===== Records supplied

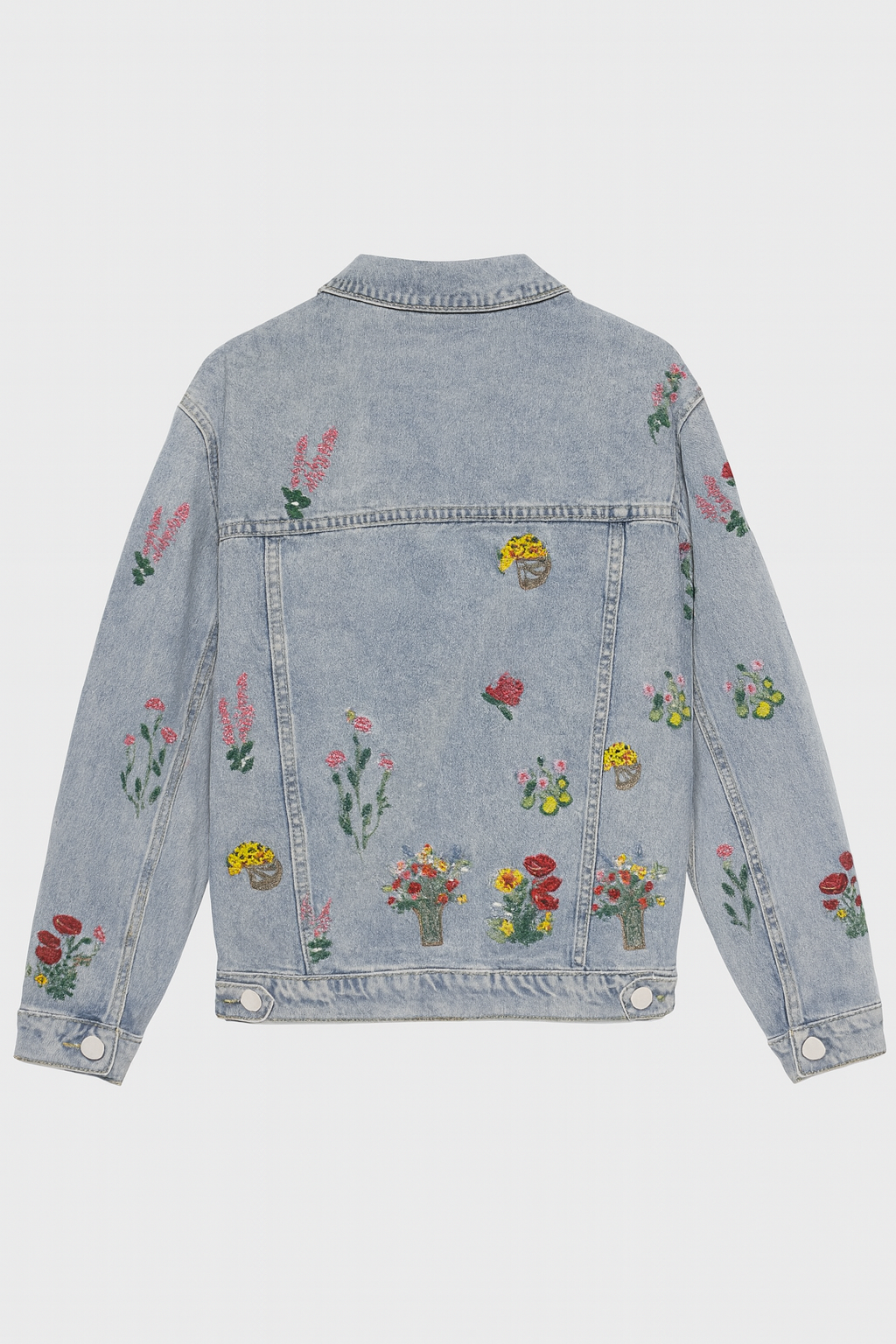 Diese Jacke ist ein zeitloses "Must-have", das Saison-Trends überdauert. Die kunstvollen Blumen-Details machen aus einer schlichten Jeansjacke einen echten Hingucker.
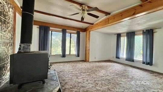 - Laminate/Formica Laminate, Countertops Carpet, Flooring Accessibility Features, Ceiling Fan(s), Wood Stove, Flooring
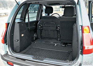 Стовбур не невеликий і не великий - 350 літрів, утворюючись близько до геометрично правильного прямокутного паралелепіпеда. Крім того, переміщуючи задні сидіння вперед, ви можете трохи збільшити цей об'єм і скласти їх, принести потужність до 1285 літрів.
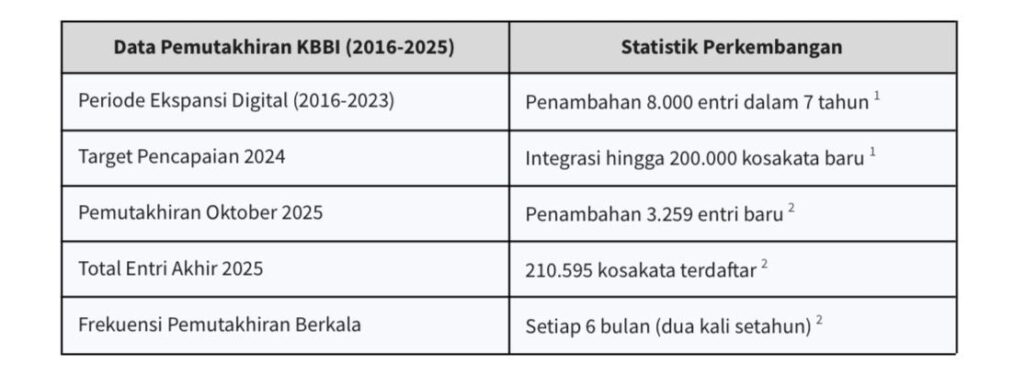 Hingga pemutakhiran edisi Oktober 2025, KBBI telah mencatat total 210.595 entri setelah penambahan terbaru sebanyak 3.259 kata. Perkembangan leksikografi kontemporer ini menandai pergeseran paradigma yang signifikan dari pendekatan preskriptif murni menuju pendekatan preskriptif-deskriptif yang saling melengkapi.
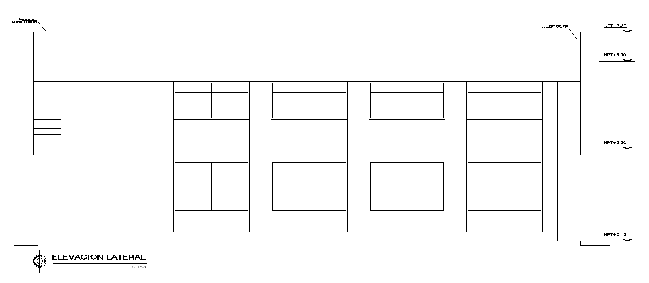 The left side elevation view of the 7x17m office building is given in this AutoCAD drawing model.
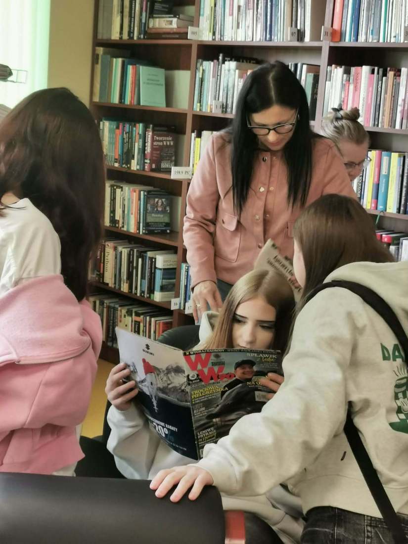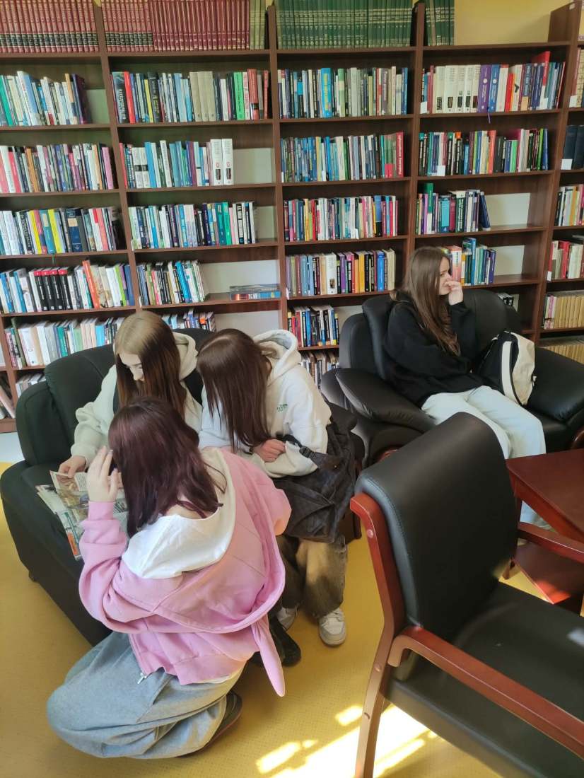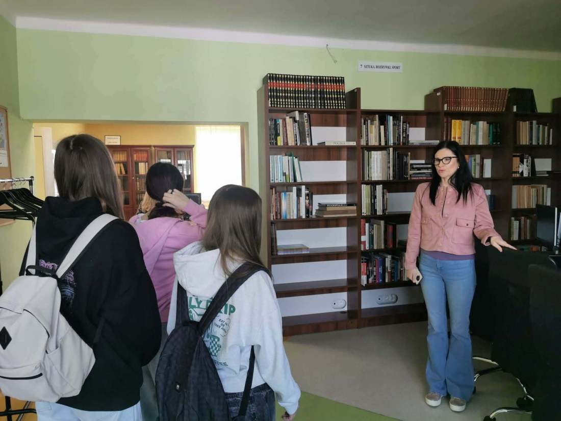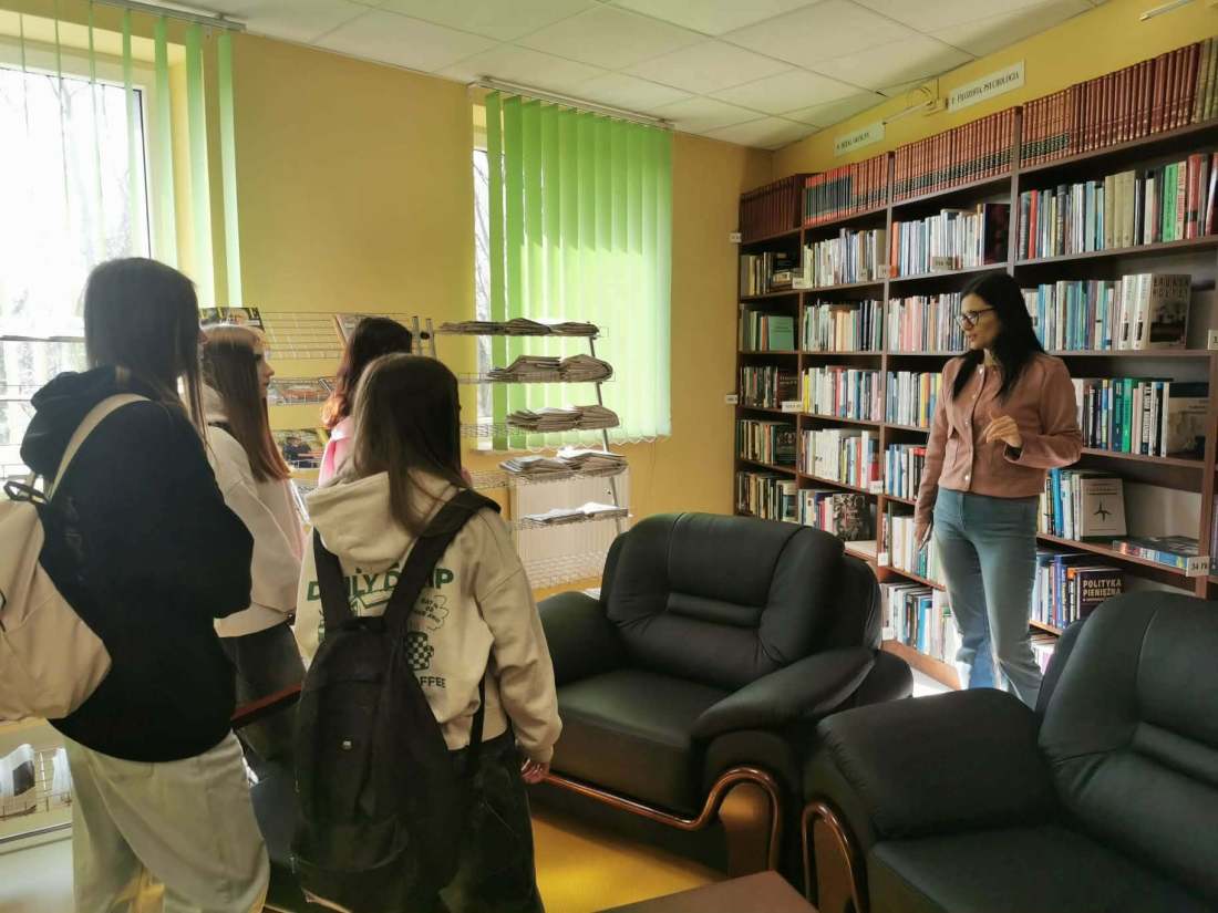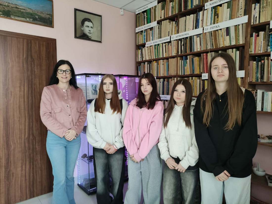 16 kwietnia 2026 r. naszą bibliotekę odwiedziły uczennice z Zespołu Szkół Samochodowo-Usługowych im. Władysława „Oseta” Wasilewskiego w Skarżysku-Kamiennej wraz z nauczycielem p. Moniką Kowalik. Wzięły one udział w lekcji bibliotecznej z zakresu edukacji regionalnej dotyczącej postaci ks. prof. Włodzimierza Sedlaka oraz miasta Skarżyska. Miały również możliwość zwiedzenia Izby Pamięci, gdzie zaprezentowano im cenne eksponaty, księgozbiór, liczne pamiątki i zbiory geologiczne. Wszystko było wzbogacone opowieściami o życiu Sedlaka i historią naszego miasta.

==========

__What needs to be done__
Output every entry exactly. Pictures stay out.

__Output of the exercise__
 Diese Jacke ist ein zeitloses "Must-have", das Saison-Trends überdauert. Die kunstvollen Blumen-Details machen aus einer schlichten Jeansjacke einen echten Hingucker.
 - Laminate/Formica Laminate, Countertops Carpet, Flooring Accessibility Features, Ceiling Fan(s), Wood Stove, Flooring
 Стовбур не невеликий і не великий - 350 літрів, утворюючись близько до геометрично правильного прямокутного паралелепіпеда. Крім того, переміщуючи задні сидіння вперед, ви можете трохи збільшити цей об'єм і скласти їх, принести потужність до 1285 літрів.
 Hingga pemutakhiran edisi Oktober 2025, KBBI telah mencatat total 210.595 entri setelah penambahan terbaru sebanyak 3.259 kata. Perkembangan leksikografi kontemporer ini menandai pergeseran paradigma yang signifikan dari pendekatan preskriptif murni menuju pendekatan preskriptif-deskriptif yang saling melengkapi.
 The left side elevation view of the 7x17m office building is given in this AutoCAD drawing model.
 16 kwietnia 2026 r. naszą bibliotekę odwiedziły uczennice z Zespołu Szkół Samochodowo-Usługowych im. Władysława „Oseta” Wasilewskiego w Skarżysku-Kamiennej wraz z nauczycielem p. Moniką Kowalik. Wzięły one udział w lekcji bibliotecznej z zakresu edukacji regionalnej dotyczącej postaci ks. prof. Włodzimierza Sedlaka oraz miasta Skarżyska. Miały również możliwość zwiedzenia Izby Pamięci, gdzie zaprezentowano im cenne eksponaty, księgozbiór, liczne pamiątki i zbiory geologiczne. Wszystko było wzbogacone opowieściami o życiu Sedlaka i historią naszego miasta.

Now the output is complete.